Understanding species distributions and coexistence has been a major focus in the study of ecology. Tree species distributions and diversity maintenance is a function of multiple mechanisms, which continue to receive considerable attention. One of the more widely studied mechanisms is conspecific negative density dependence where seedlings have reduced growth and survival when establishing in close proximity to adult conspecifics. Variations in seed dispersal and abiotic factors are also important drivers of forest structure. A large body of work exists that tests hypotheses around these factors and mechanism in tropical forests but the majority of these studies are concentrated in the Neotropics and Asian tropics. There is a shortage of studies on plant recruitment and community dynamics from the Afrotropics especially in Afromontane forest ecosystems, which are small areas that are increasingly threatened by anthropogenic activities. This thesis investigates the diversity and coexistence patterns in a woody plant community of an Afromontane forest in West Africa using a combination of field observation and experimental studies. The first two studies examined woody plant composition and distribution at different life stages, providing the base for the subsequent three chapters that examine negative density dependence as a major force shaping the composition and distribution of woody plants in this community.

Firstly, trees having ≥ 1 cm diameter at breast height were sampled, mapped and identified from a 20.28-hectare forest plot in Ngel Nyaki Forest Reserve, southeast Nigeria to determine their composition, diversity and habitat preference. Next, seed arrival and seedling recruitment and establishment in the regeneration layer were examined and seed arrival patterns were compared to seedling recruitment. Diversity in the seeds and seedlings was lower than that observed for adult trees. The role of negative density dependence in shaping diversity patterns was assessed by estimating individual seedling survival as a function of conspecific and heterospecific adult and seedling densities and exploring how it varied across

different functional groups. There was evidence for non species-specific positive and negative density dependence (i.e. general effects of crowding). In another study, the effect of density dependence and abiotic factors on the survival of newly recruited seedlings was examined. Lastly, using two sets of experiments and 10 species, I tested for plant-soil feedback and intraspecific competition. I tested for plant-soil feedback in six tree species and tested for intraspecific competition in the other four species. There was evidence for plant- soil feedback in only one out of the six species tested and only a marginally significant effect of density on plant growth.

Forty percent of all tree species identified showed a clear preference for either the edge/grassland habitat or the forest core, which was not explained by variation in seed sizes or dispersal modes. There was evidence for strong dispersal and establishment limitation in Ngel Nyaki forest, which may be consequences of the loss of animal dispersers and high seed predation rates.

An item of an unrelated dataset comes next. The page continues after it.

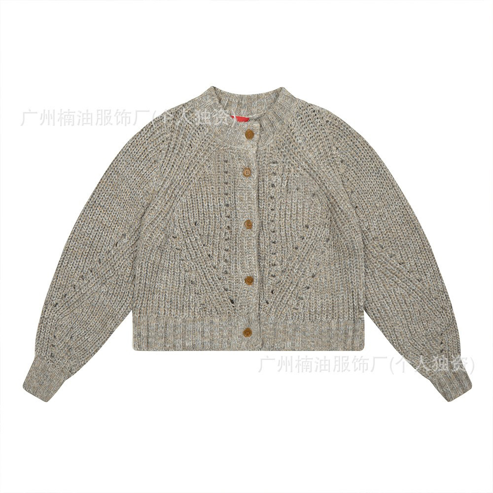 고품질 시웨이후 스웨터, 토성 자수, 레트로 빈티지 스타일, 헤비 웨이트 두꺼운 실, 랜턴 슬리브, 따뜻한 니트 가디건 (여성용)

In conclusion, I have provided in my thesis a picture of the woody species composition of an Afromontane forest and show the role (or lack thereof) of negative density dependence in driving the woody plant seedling diversity. Overall, the results from my thesis contribute to the knowledge on plant interactions in Afromontane forest systems and variations in biotic interactions among species functional groups. Detailed species-specific and trait-based studies will aid our understanding of the mechanisms that shape diversity and drive community patterns. This is critical for conservation management purposes especially for making predictions on the consequences that anthropogenic pressures could have on plant communities.